As a preliminary matter, we must decide whether Baylor had to seek relief again in the court of appeals. Generally, a party must seek relief in the court of appeals before seeking it in this Court.[7] But the court of appeals has already considered this very order and denied relief; it was only because Baylor was misled into believing that its first petition was moot that a new one had to be filed. As this proceeding is nothing more than a continuation of the former one, it belongs here rather than in the court of appeals.
II. Can the New Trial Orders be Vacated?
Nowhere but Texas can one find a single appellate opinion discussing when a court can “ungrant” a motion. Texas has more than 20, almost all dealing with our unique rule that an order granting a new trial cannot be “ungranted” more than 75 days after it is signed.[8]
This ungrammatical rule stems from Fulton v.

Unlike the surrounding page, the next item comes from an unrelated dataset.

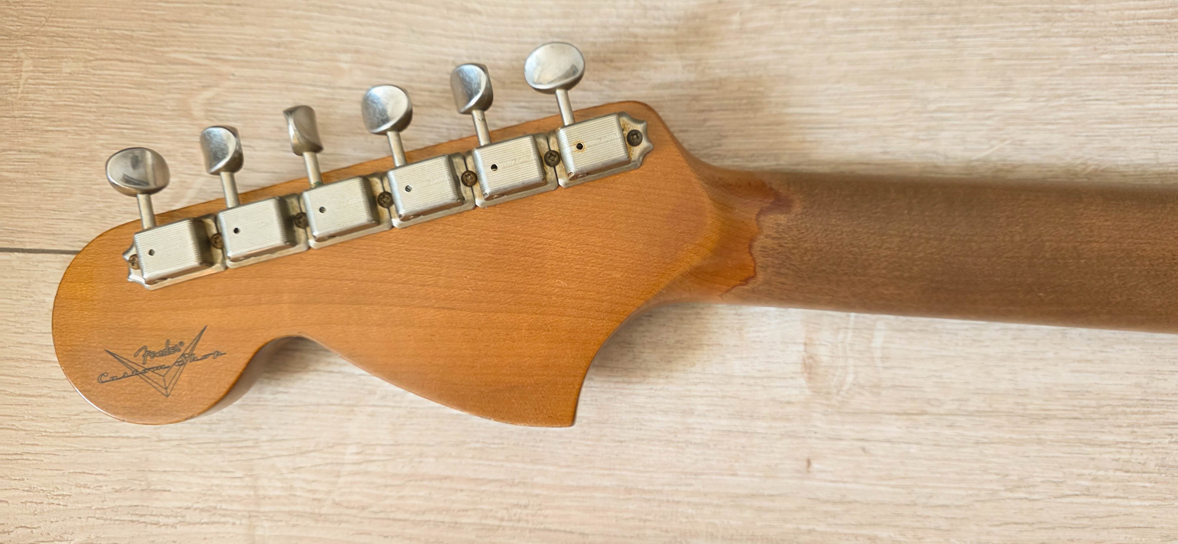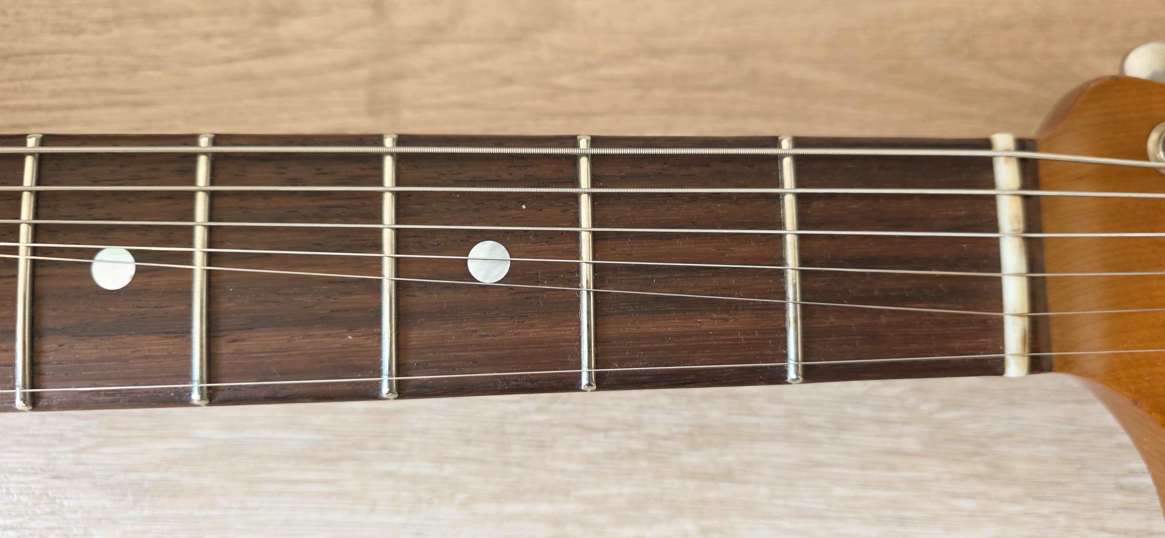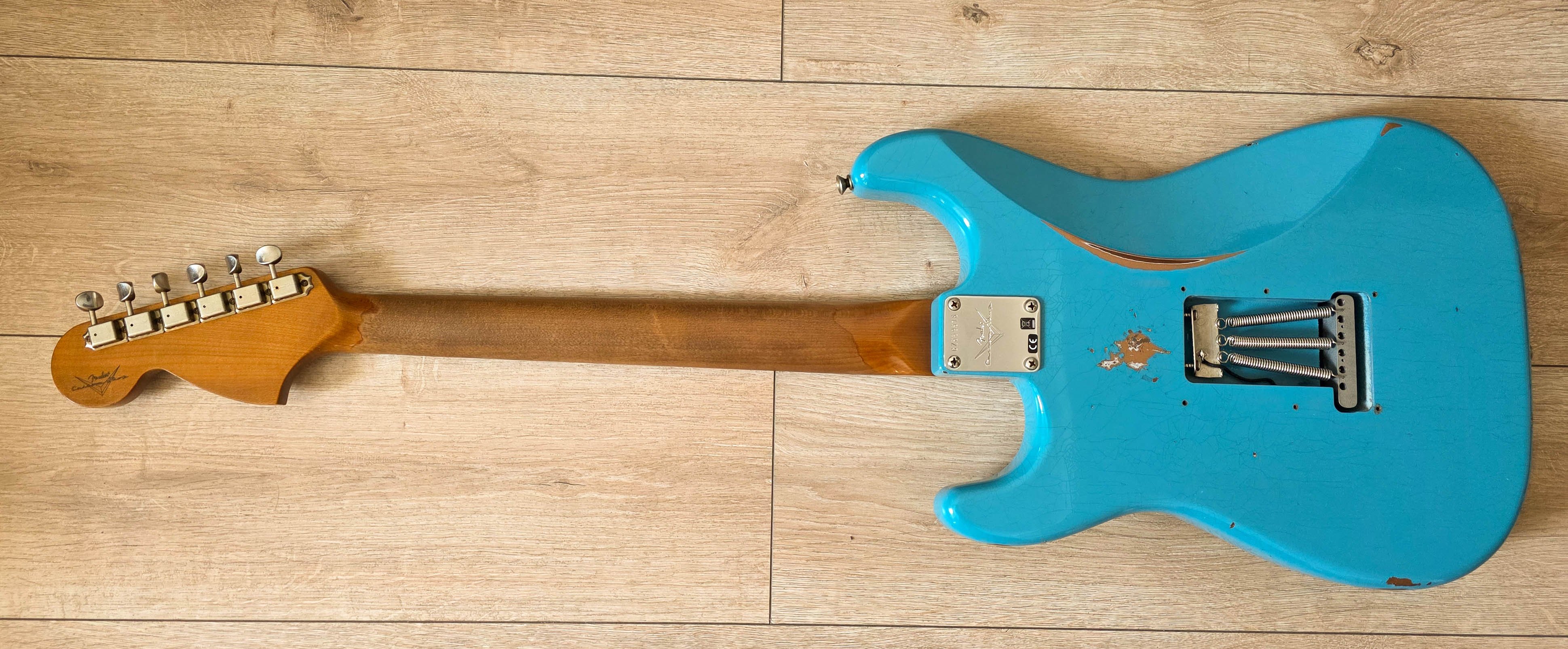 Fender Custom Shop Empire 67 Strat Taos Turquoise over Gold este o editie speciala facuta la specificatiile unui dealer in anul 2022. Vine cu specificatii "alese" de Empire Music, respectiv roasted alder body, roasted oval C mid 60's maple neck with slab rosewood si radius compound 9.5-12, doze handwired si culoarea speciala relic taos turquoise over Gold, un finish greu de replicat, cu 2 straturi de culoare suprapuse. Chitara este super rezonanta, si suna exceptional, asa cum trebuie sa sune un strat peste care au trecut multi ani. Pickguardul a fost schimbat cu unul mint green din motive de preferinte, dar originalul este si el inclus in case. Are tot cu ce a venit, certificat, hardcase original si case candy, si este cat se poate de mint condition cat poate fi un medium relic ... Modelul actual, care nu mai este culoare peste culoare costa 5000 USD, plus shipping si taxe vamale si TVA, adica undeva in jurul a 6000 euro probabil. Eu doresc pe a mea 3200 euro. Nu doresc schimburi decat daca sunt super avantajoase pentru mine, dar nu o sacosa de pedale si 3 microfoane si mai stiu eu ce. https://empiremusic.com/products/fender-custom-shop-empire-67-stratocaster-relic-3-color-sunburst-82401?srsltid=AfmBOorj4gU469FqEBSxsrGP8Mgb3eoOLjsF5d957SlIEC-VoxyuPviU Contact 0731 444 6462 points

Finch, a 1961 opinion in which we held that an order granting a new trial could not be set aside after the deadline for ruling on new trial motions.[9] That was because rule 329b at the time provided that all motions for new trial “must be determined” within 45 days:
All motions and amended motions for new trial must be determined within not exceeding forty-five (45) days after the original or amended motion is filed, unless by written agreement of the parties in the case, the decision of the motion is postponed to a later date.[10]
Because reinstating the original judgment was “tantamount to overruling [the] motion for new trial,” we held the 45-day deadline imposed an absolute limit on when an order of new trial could be “undetermined” and the original judgment reinstated.[11]
Rule 329b was amended effective January 1, 1981 to eliminate this “must be determined” provision.[12] Now, the rule terminates the trial court’s plenary power 30 days after all timely motions for new trial are overruled,[13] but there is no provision limiting its plenary power if such motions are granted. Under the current rules, if no judgment is signed, no plenary-power clock is ticking.